Upgrade for necessity, not vanity

By ALLAN D. FRANCISCO
March 2, 2011, 10:46am

MANILA, Philippines - When my wife first came to the United States to take part in a J1 training program, one of the things that immediately caught her attention was how much food get wasted in the Land of Plenty.  Coming from a third-world country, she felt uncomfortable with how the natives seemed to throw away their leftovers without a care.

Sometimes, plates of dishes and courses that were hardly touched or tasted went directly and fast from the table to the garbage bin. In many cases, describing those soon-to-be-wasted food items as “leftovers” would be sacrilegious, the height of culinary blasphemy. Unfortunately (fortunately for manufacturers), American consumers’ “wastefulness” extends to other consumer goods including electronic gadgets and devices, such as mobile phones and computers.

Unlike previous generations of Americans, especially those who lived through the Great Depression and World War II years, today’s children of Benjamin Franklin find nothing objectionable in replacing cars, clothes, and laptops months and even years before these products’ “expiration dates.”

But the economic slowdown that started in 2008 seems to have encouraged some American consumers to hold on to stuff longer than they used to.

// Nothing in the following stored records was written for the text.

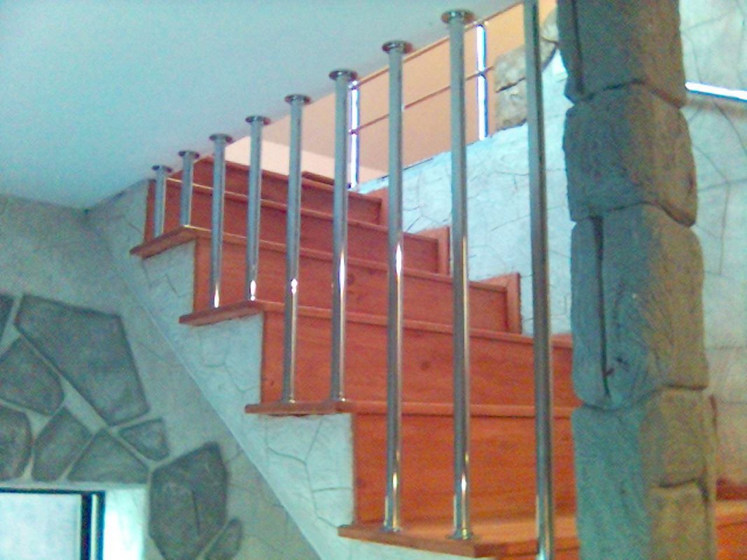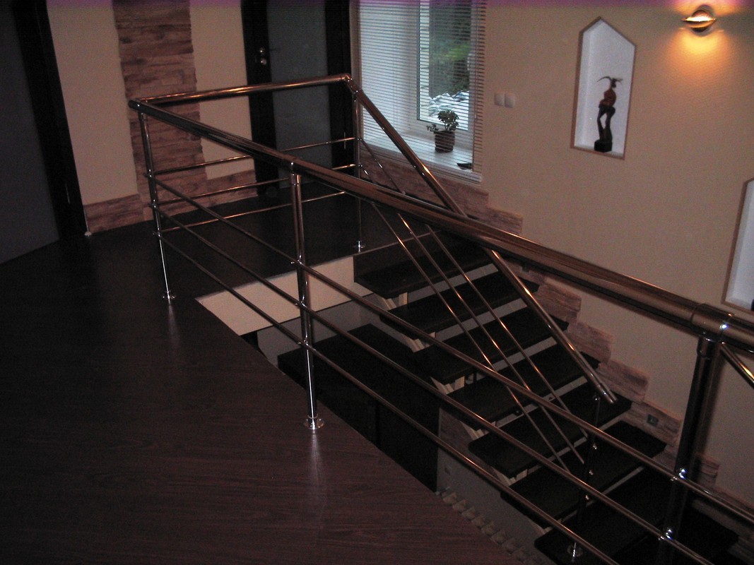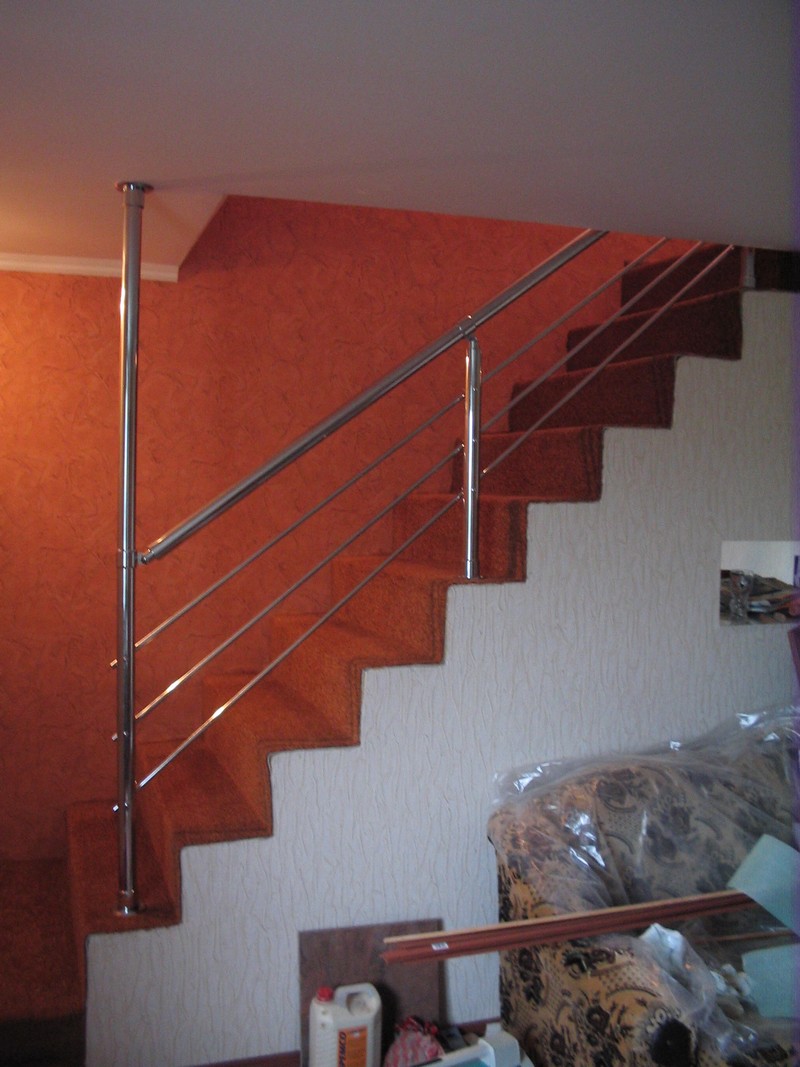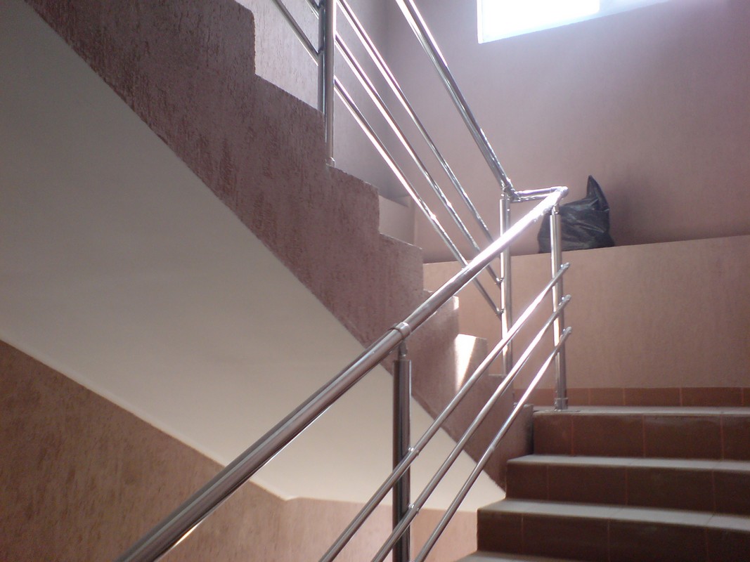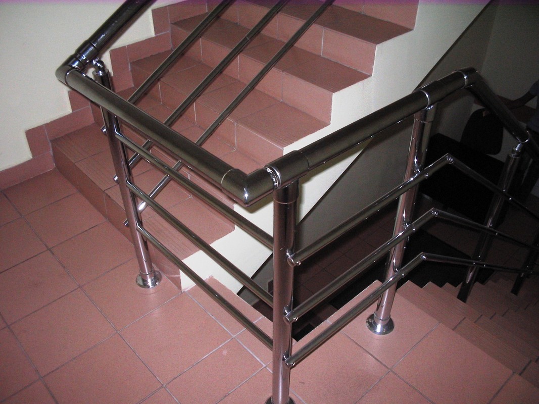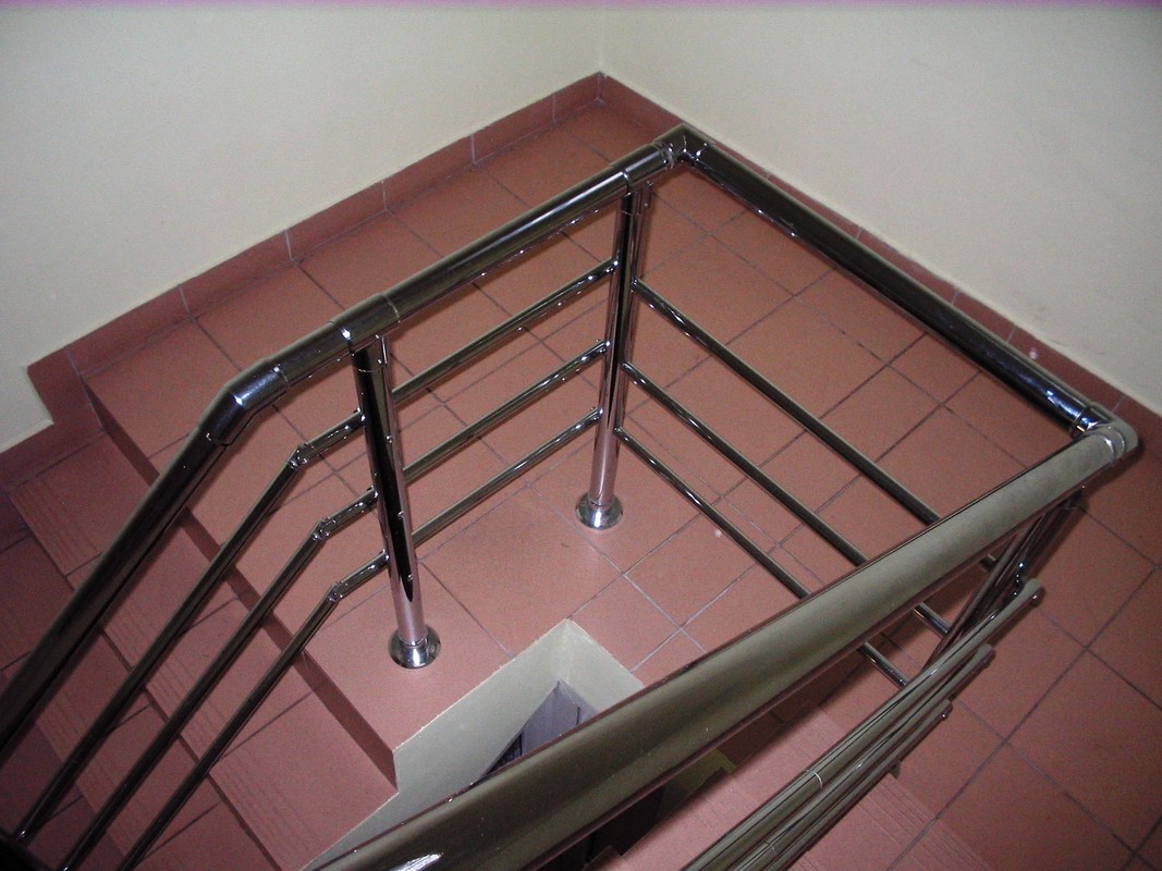 Хромированные перила являются сборной конструкцией, которая собирается из хромированных узлов без помощи сварки. Это позволяет монтировать их практически в последний момент, то есть при завершении Вашего ремонта. По внешнему виду они очень похожи на перила из нержавеющей стали. Они быстро изготавливаются (монтируются), но несмотря на все плюсы у них есть один недостаток — их нельзя ставить на улице и во влажных помещениях.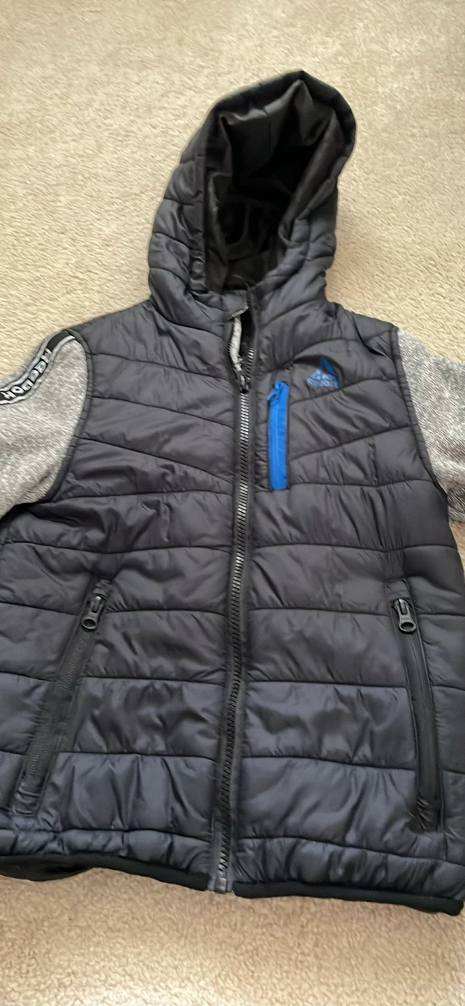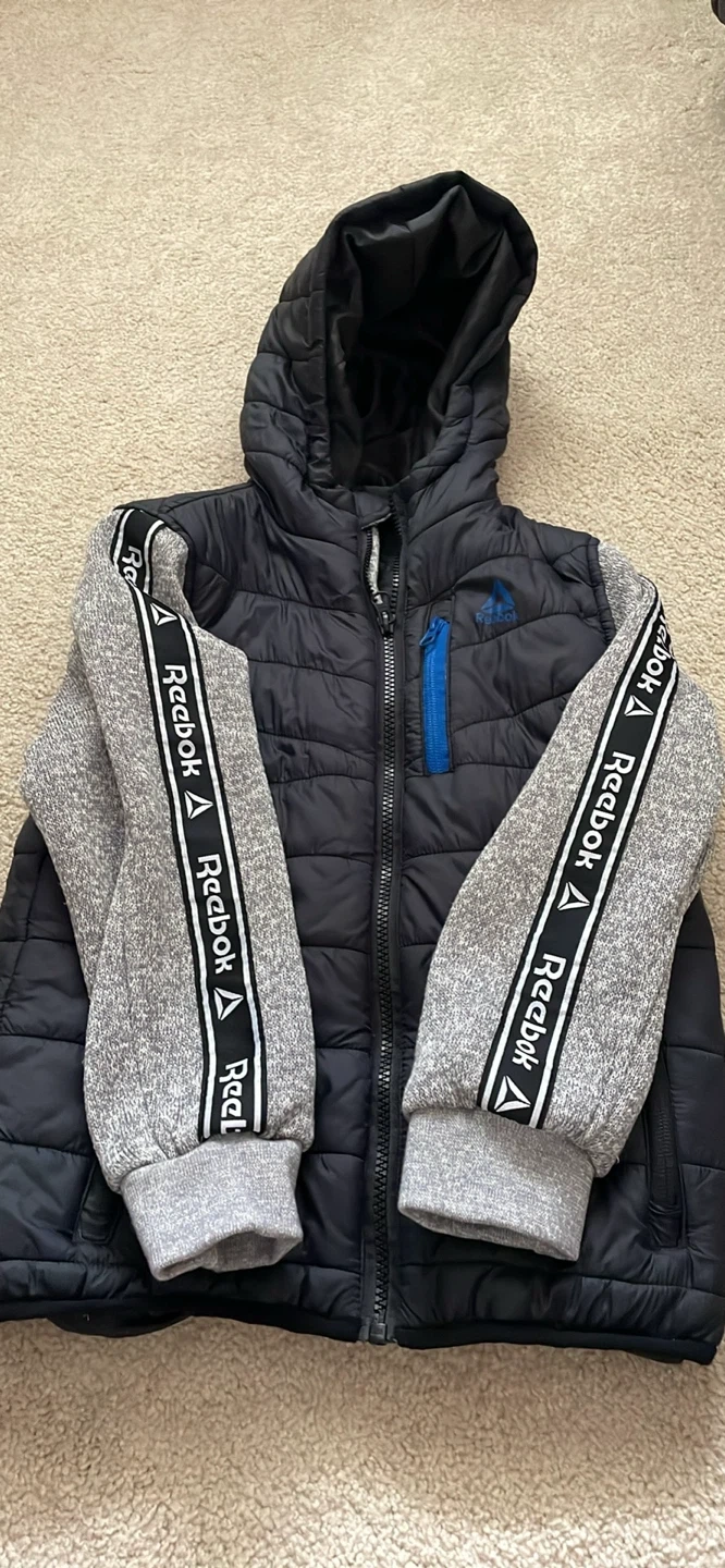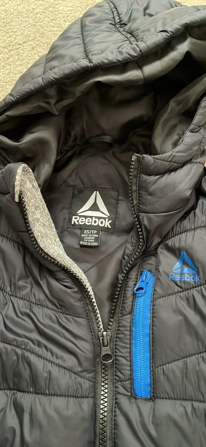 20Selling a Reebok puffer vest with sleeves in size XS/TP! It's black with grey sleeves, and has a hood. Perfect for layering on chilly days! From ns, np home. Brand new.
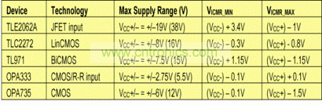 表1列舉了幾個德州儀器(TI)運算放大器的例子及其VICMR。“最大電源范圍”欄描述了分裂式電源和單電源(括號內)限制。由該表,我們清楚地知道各運算放大器的輸入范圍VICMR明顯不同。根據器件的具體類型,VICMR可能會低于或者超出電源軌。因此,絕不要假設運算放大器可以接收特殊輸入信號范圍,除非在產品說明書規范中得到核實。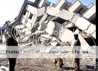 collapsed building.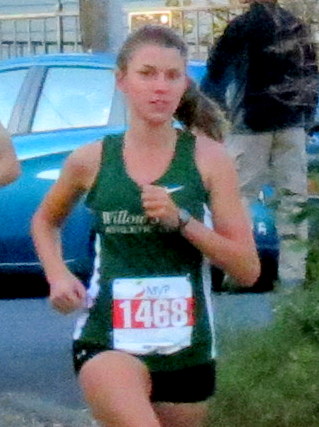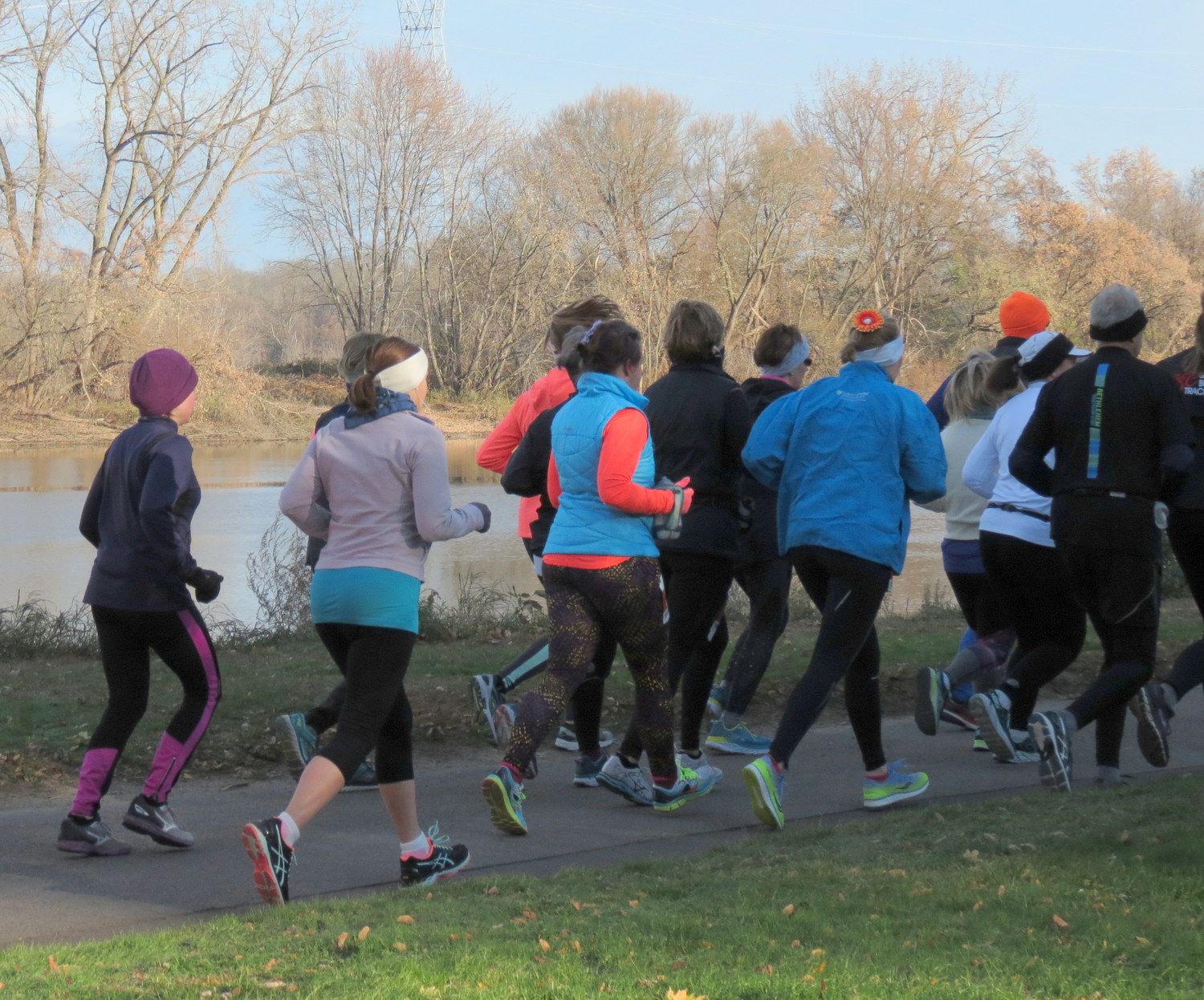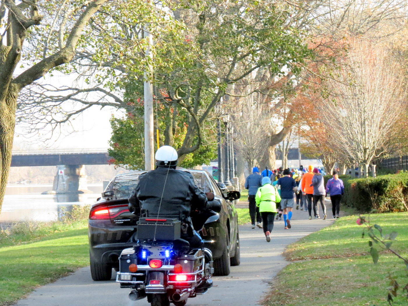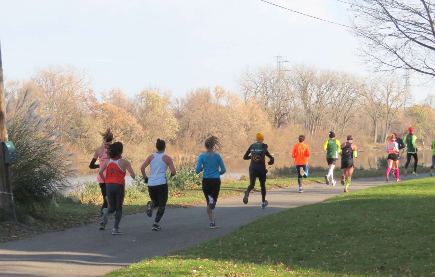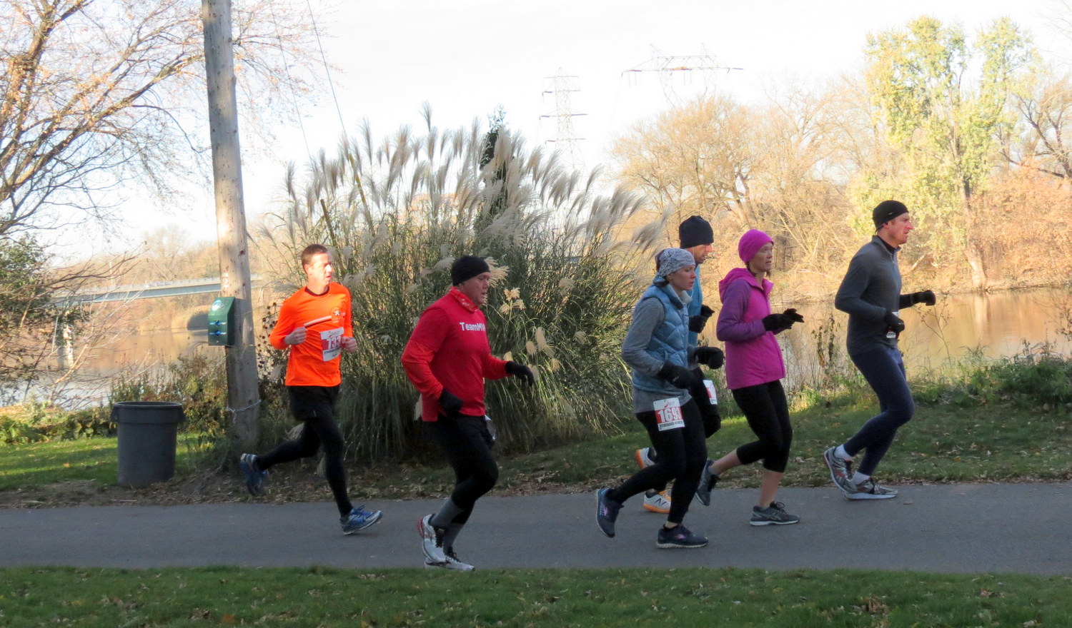 . . [L] Mollie Turner (in Black) was the first woman into Riverside Park and finished first . . Sadly, I did not turn back around soon enough to catch the leading women coming into the Park, and had to settle for capturing them after they passed me.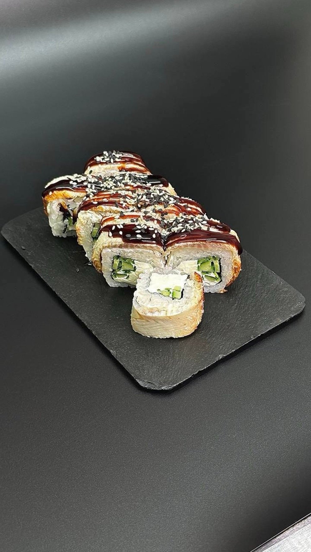 Нори Рис заправленный Сыр Креметта ( Hochland cremette) Угорь Огурец. Соус унаги для украшения Кунжут

Data from market researchers shows slower consumption and product life cycles. But analysts are looking with interest at how consumer attitudes might change once economic recovery goes full blast and easy credit returns.

Google for Chefs

Internet search giant Google has added a Recipe View to its market-leading search engine. Seeking for ways to repulse Bing, Microsoft’s emerging search platform, the online search and marketing giant has added a button to its search results. Users can click this button to gain access to results that can help them learn how to prepare meals and other culinary creations.

Google said it deals with about 10 million recipe-related search queries. This encouraged the company to add this culinary button to its online search tool.

Removing Nonsense

It might have come belatedly, but it is welcome nevertheless.

I’m referring to Google’s move to reduce the claptrap from its search results. This move by Google is tantamount to an admission that lately its results have been hijacked by content farms – those Web sites that publish nonsensical articles and stories designed to push up their sites’ search-results rankings.

Google has to really improve its search results. After all, a study by analytics firm Hitwise shows that the search giant has a 66-percent search success rate. Microsoft’s Bing has 82 percent.